• _WHAT YOU HAVE TO DO_: Everything from the line containing "This Peacock Forget-Me-Not" through the final line of the entries, both included, should be copied exactly and with nothing else; please skip pictures.

• _DATA EXTRACTS_:

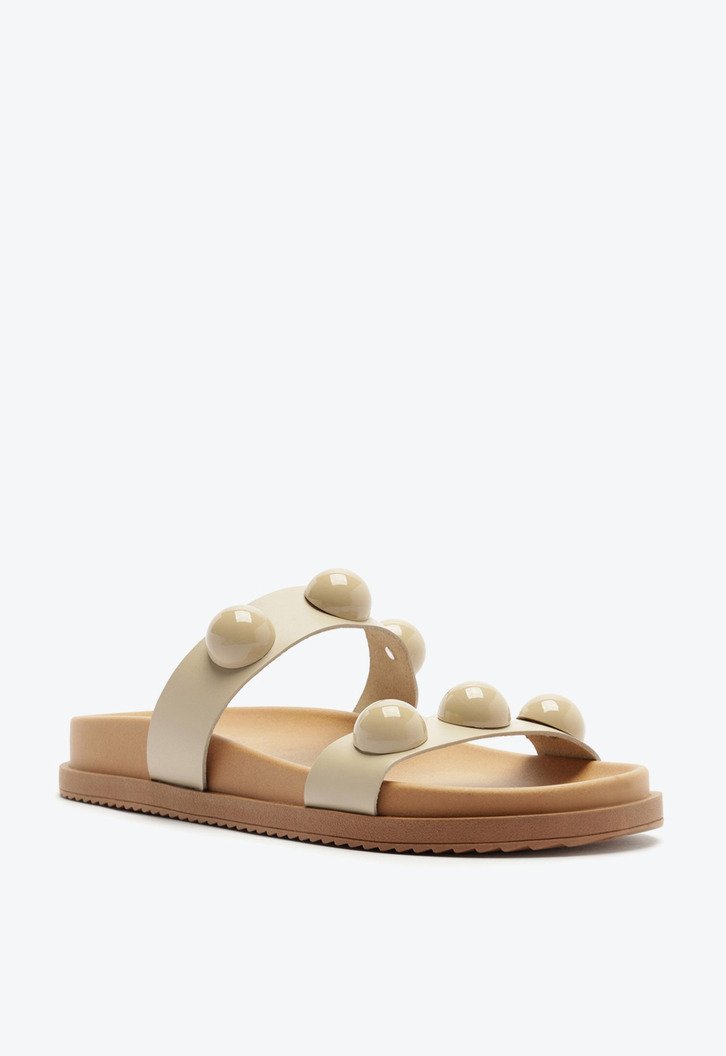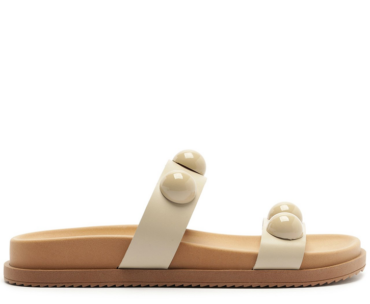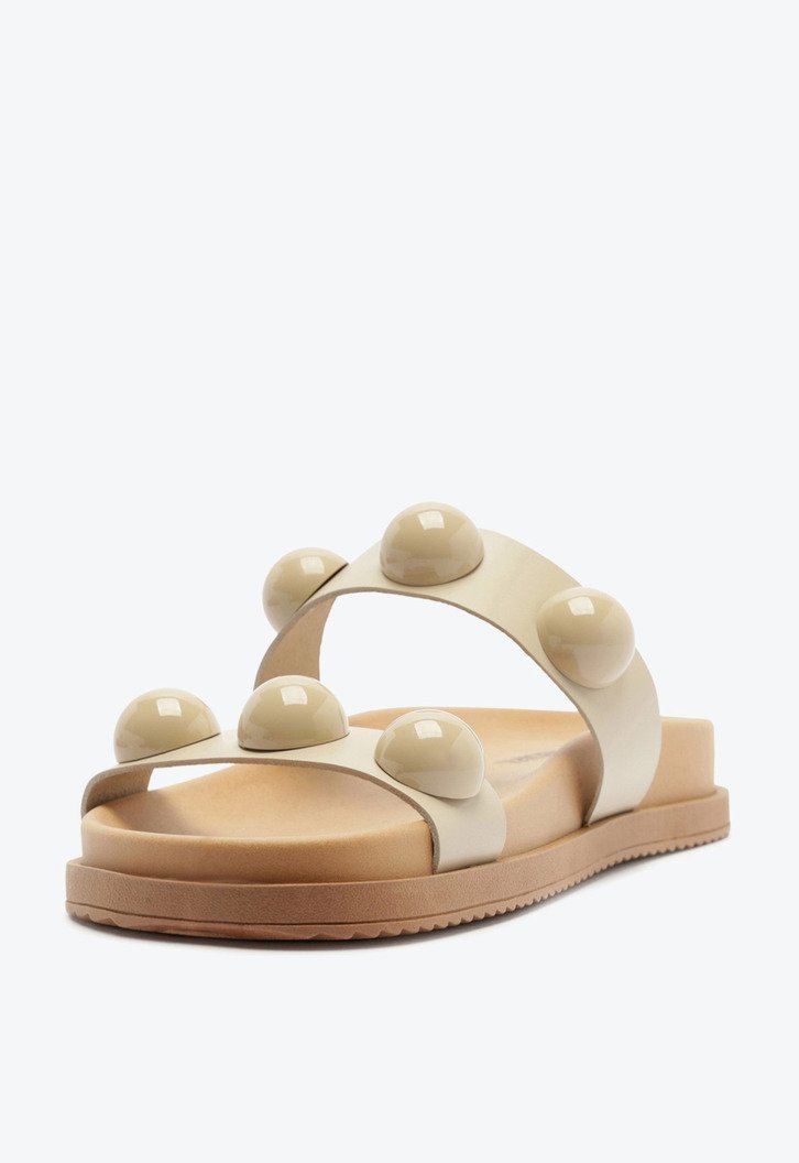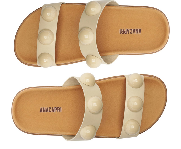 Papete anatômica com duas tiras e detalhe em esferas, na cor nude. O modelo apresenta cabedal em couro com duas tiras largas - uma sobre os dedos, outra sobre o peito de pé, com detalhe para aplicação de trio de maxi esferas, do mesmo tom da papete, em cada uma das tiras. Com solado rasteiro emborrachado e levemente tratorado, traz palmilha anatômica, com assinatura Anacapri.
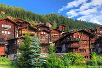 Prachtige opname van het wintersport dorp Grimentz in de Zwitserse Alpen in de Val d'Anniviers vallei in het kanton Wallis in Zwitserland in de zomer met houten chalets en geraniums op het balkon
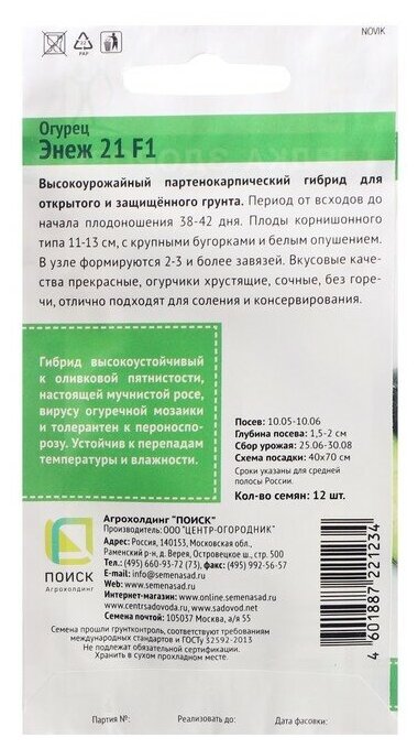 На сегодняшний день товар «Семена огурец энеж 21 F1 12 шт Без бренда» можно купить с кешбеком в 1 магазине: Яндекс.Маркет
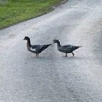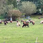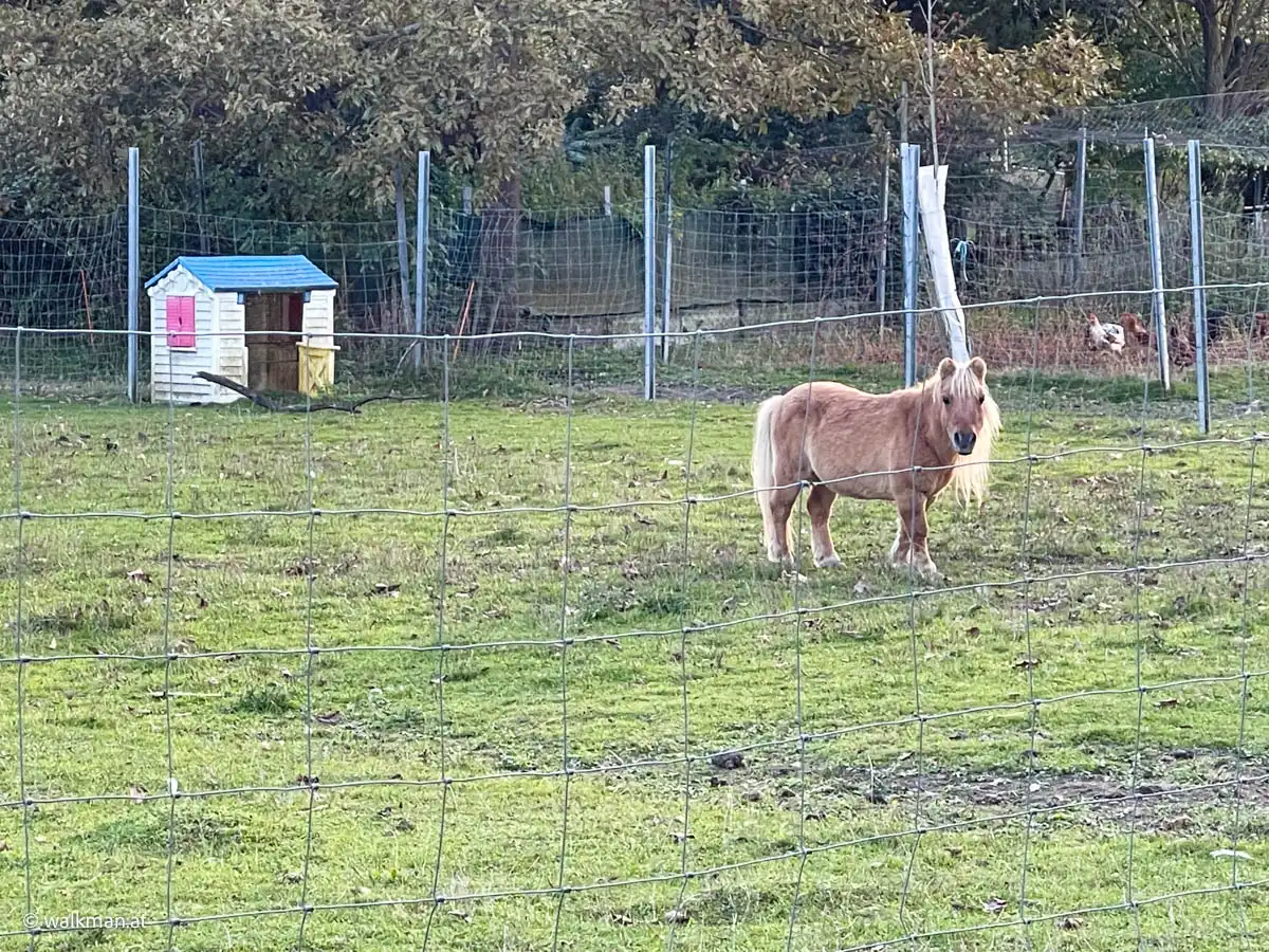 Ein wenig später spaziere ich bei einem Gehöft vorbei, das fast schon einem Tiergarten gleicht. Ponys, Schafe, Enten, Gänse, Hühner in grosser Anzahl und weitläufigen, artgerechten Gehegen. Die fühlen sich hier sichtlich wohl. Und da sind, um auf die Größe des Anwesen rückzuschliessen, sicher noch mehr Tierarten, die ich nicht zu Gesicht bekommen habe.
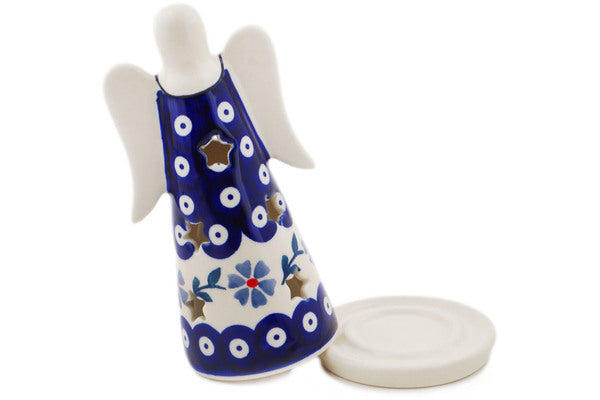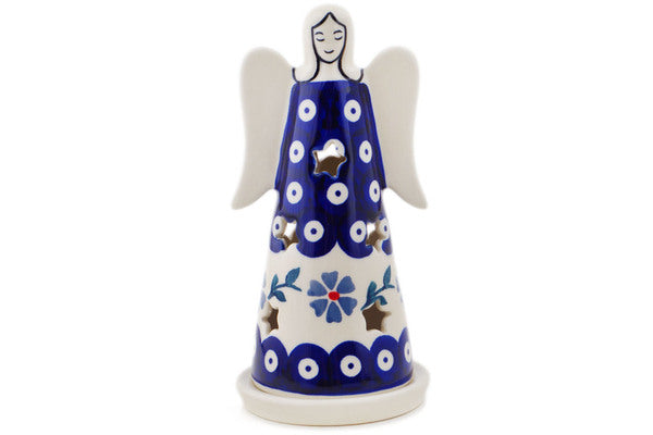 This Peacock Forget-Me-Not 6" Candle Holder was handmade and hand decorated in Boleslawiec, Poland by skilled artisans according to old traditional methods. This Polish stoneware is microwave, dishwasher, freezer, and oven safe up to 480°F. It does not contain lead or cadmium. It is part of the Peacock Forget-Me-Not Collection.
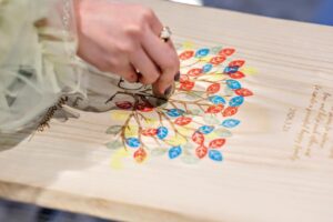 葉っぱ型のスタンプを用意して押印された結婚証明書、素敵なアイデア!!
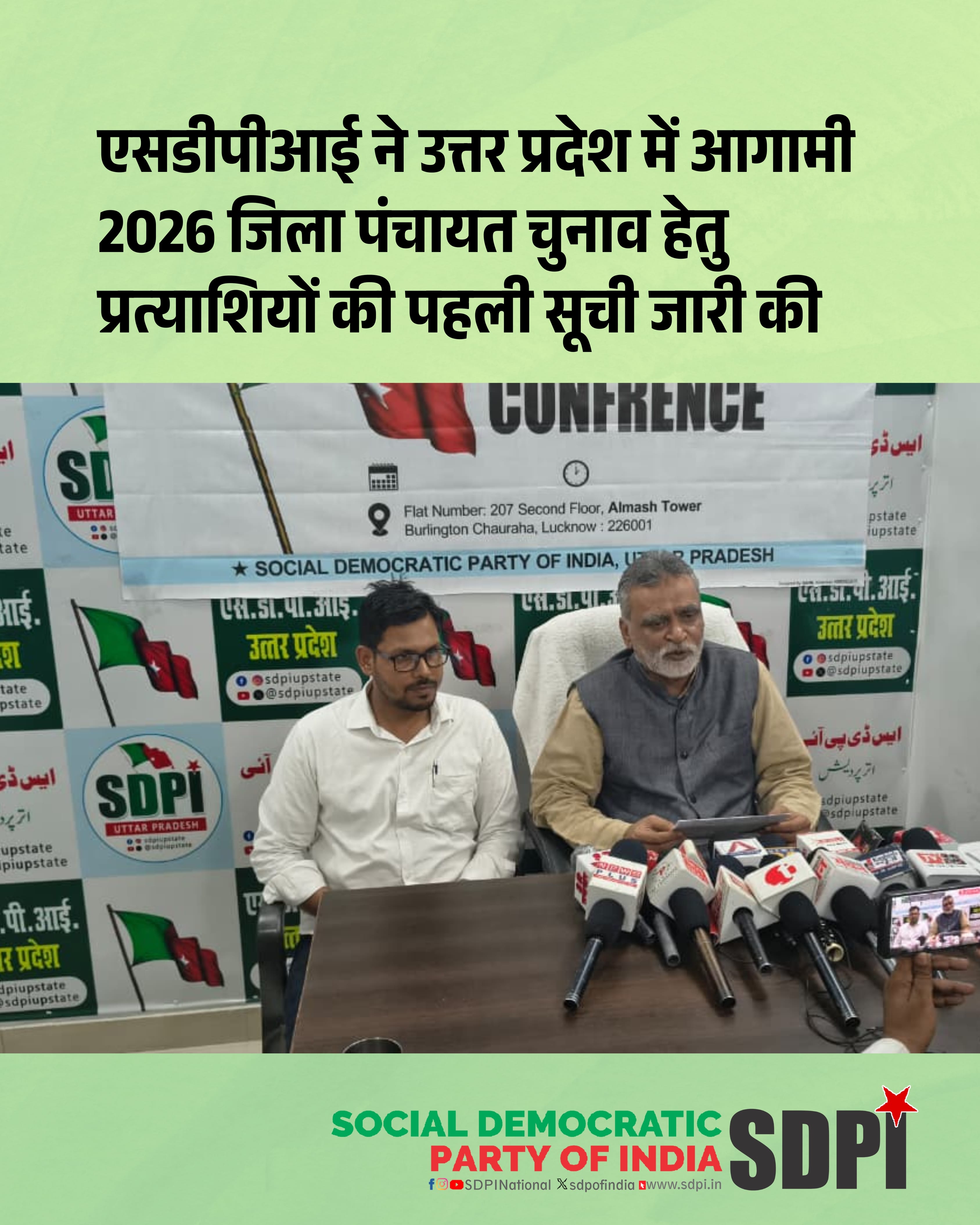सोशल डेमोक्रेटिक पार्टी ऑफ इंडिया (SDPI) उत्तर प्रदेश के प्रदेश अध्यक्ष श्री निज़ामुद्दीन ख़ान ने आज प्रदेश कार्यालय, लखनऊ में आयोजित प्रेस कॉन्फ़्रेंस के माध्यम से आगामी 2026 जिला पंचायत चुनाव हेतु पार्टी के प्रत्याशियों की पहली सूची जारी की।

• _FINISHED EXERCISE_:
 This Peacock Forget-Me-Not 6" Candle Holder was handmade and hand decorated in Boleslawiec, Poland by skilled artisans according to old traditional methods. This Polish stoneware is microwave, dishwasher, freezer, and oven safe up to 480°F. It does not contain lead or cadmium. It is part of the Peacock Forget-Me-Not Collection.
 葉っぱ型のスタンプを用意して押印された結婚証明書、素敵なアイデア!!
सोशल डेमोक्रेटिक पार्टी ऑफ इंडिया (SDPI) उत्तर प्रदेश के प्रदेश अध्यक्ष श्री निज़ामुद्दीन ख़ान ने आज प्रदेश कार्यालय, लखनऊ में आयोजित प्रेस कॉन्फ़्रेंस के माध्यम से आगामी 2026 जिला पंचायत चुनाव हेतु पार्टी के प्रत्याशियों की पहली सूची जारी की।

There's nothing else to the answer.